When my parents arrived, my mother was livid that they were ignoring my date. When they explained why, my mother asked for a wet washcloth. She had my date wipe the blood off his face, then she set about cleaning any blood from his shirt so stains wouldn’t set in.

I had only a mild concussion, so no real cause for concern when there was a blood-stained shirt to take care of.

They let us both go home, and gave my parents a fact-sheet of things to check for.

At the time, concussions weren’t treated the way they are now. I returned to school on Monday. I had 10 years perfect attendance, and I wasn’t about to ruin that over a bump on the head.

My friends asked where I was Friday night. When I told them, they didn’t believe me. They assumed I’d made up a story because I didn’t have a date – and these were my friends! I had to take one girl’s hand and run it across the bump on my forehead before she believed me. (It didn’t show because of my bangs.)

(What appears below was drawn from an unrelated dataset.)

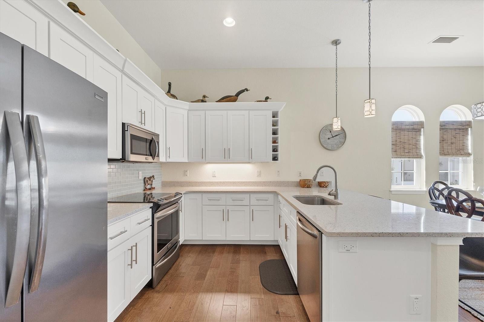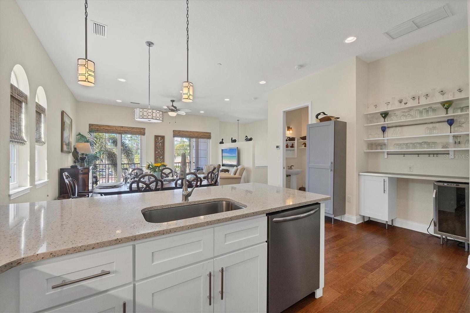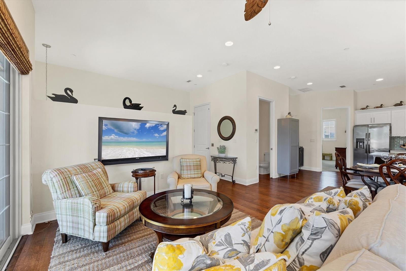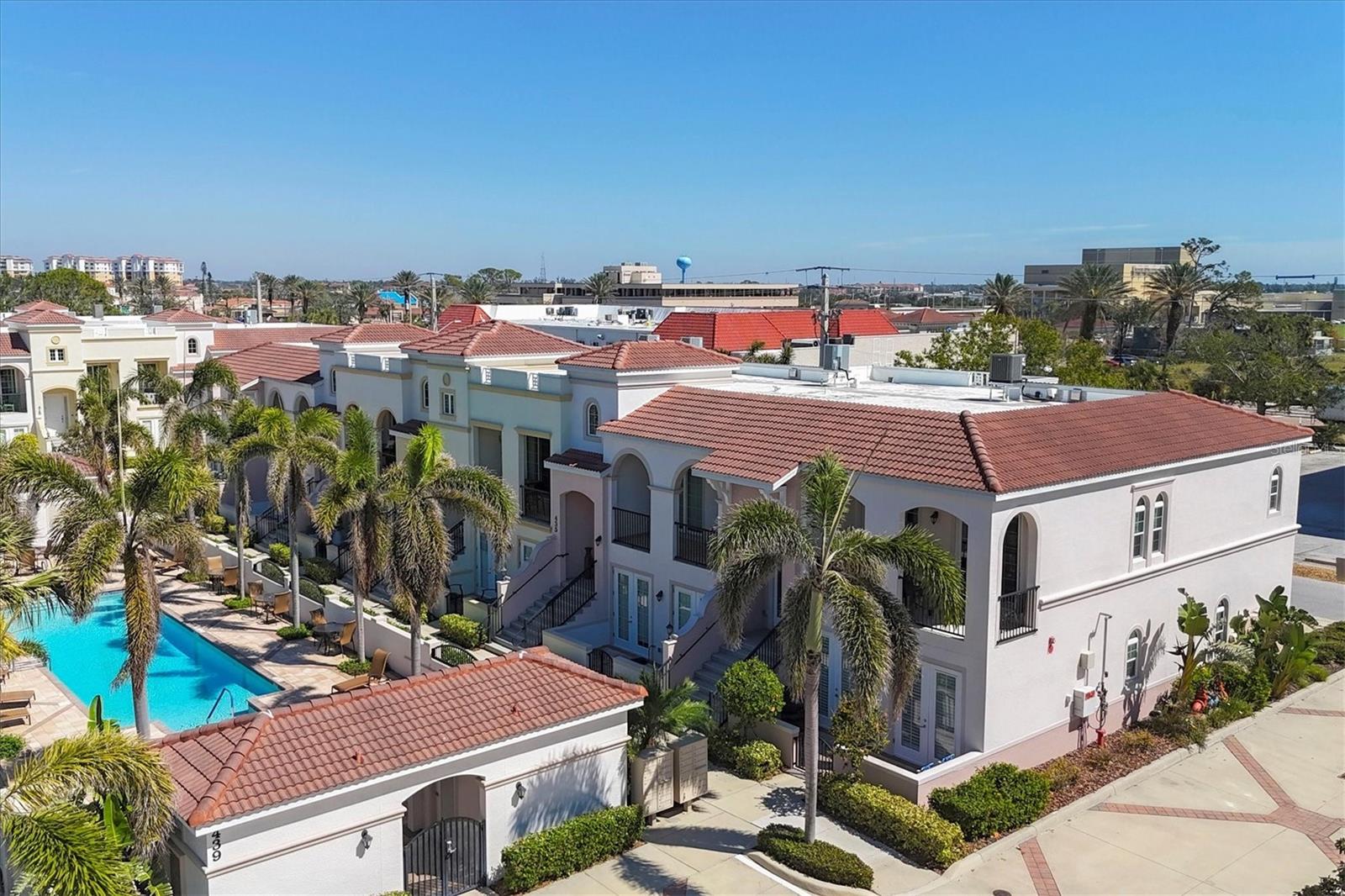 This Exceptional End-unit Rowhouse Style Condominium offers you Easy Living in a Prime Location on Venice Island! Island Court, a delightful courtyard style 26-unit community provides a maintenance free lifestyle, and just outside your front door, relaxation in poolside resort style beach chairs or a dip in the heated lap-style pool. Enjoy morning coffee on your great room balcony as you watch Venice come to life, or relax with friends in the afternoon on your poolside patio. The open concept plan seamlessly blends the living and dining areas with the kitchen which boasts breakfast bar seating that serves the kitchen and dining area, sparkling stone countertops, stainless steel appliances and engineered wood floors. Both the first-floor bedroom and the second-floor primary suite feature roomy walk-in closets and ensuite bathrooms. A Unique Lift provides easy up and down access from the main living area on the 2nd floor to the first-floor ensuite bedroom, laundry room and the attached two-car garage, which has extra space for bicycles, golf clubs or beach toys! Additional features include a first-floor office alcove, and partially furnished with Ethan Allen furniture. This destination puts you virtually in downtown Venice in a perfect setting. You'll never be bored with all the options for dining, shopping, and entertainment just outside your front door. In fact, you can enjoy a leisurely walk or bicycle ride to any spot around town! Have you been dreaming of the perfect "living the life" destination in Venice? This rare opportunity, with its ideal Paradise location, may be just what you've been waiting for, only one block to the Venice Library, Community Center, Art Center, street side art and craft shows, banking, boutiques, churches, tennis courts, pickleball courts, and the Interactive Water Park. You'll also be close to Centennial Park, home to car shows, Sun Fiesta, concerts, and the Sharks Tooth Festival, as well as dozens of restaurants, many with outdoor seating. Enjoy year-round entertainment at the renowned Venice Theatre or Venice Performing Arts Center, featuring the Venice Symphony. Sun, Sand, and the Gulf are just a mile away with free beachside parking at gorgeous Venice Beach. Additionally, you'll have easy access to grocery, drug stores, gas station, convenience store, I-75 and the Sarasota, Punta Gorda, and Ft. Myers airports. Venice's own airport offers convenient travel without commercial air traffic. Everything you could want or need is right here on Venice Island!
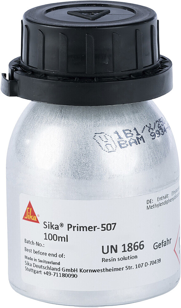 Sika Primer-507 basiert auf der Purform Technologie. Die Purform Technologie ermöglicht leistungsfähige Polyurethanprodukte mit weniger als 0,1 Prozent monomerem Diisocyanat für einen besseren Gesundheits- und Arbeitsschutz. Sika Primer-507 ist ein schwarzer Voranstrich auf Lösemittelbasis, der mit Feuchtigkeit reagiert und eine dünne Schicht bildet. Diese Schicht wirkt als Bindeglied zwischen Untergrund und Klebstoff. Sika Primer-507 wurde speziell zur Vorbehandlung von Klebeflächen in Kombination mit elastischen Kleb- und Dichtstoffen von Sika entwickelt. Dieser Primer zeigt auch ohne vorherigen Einsatz von Sika® Aktivator auf vielen Untergründen eine ausgezeichnete Haftung. Sika Primer-507 fluoresziert für einen begrenzten Zeitraum unter langwelligem UV Licht. Diese Eigenschaft wird für die Prozesskontrolle verwendet.

At least Senior prom, when I was 18, didn’t involve any drama on my part. My date for the ill-fated ring dance was also my date for the prom. We arrived without incident – we went with two other friends, one of whom drove. Although he was no more willing to dance than my Junior prom date had been, we sat at a table with friends and had a good time.

There was plenty of drama that night, but none of it had to do with my date or me, so we simply got to watch.

It was nice to have something happen where Mr. Murphy wasn’t invited.

 

1 comment:

Anonymous said...

Oh my, high school has some painful memories. Thanks for sharing.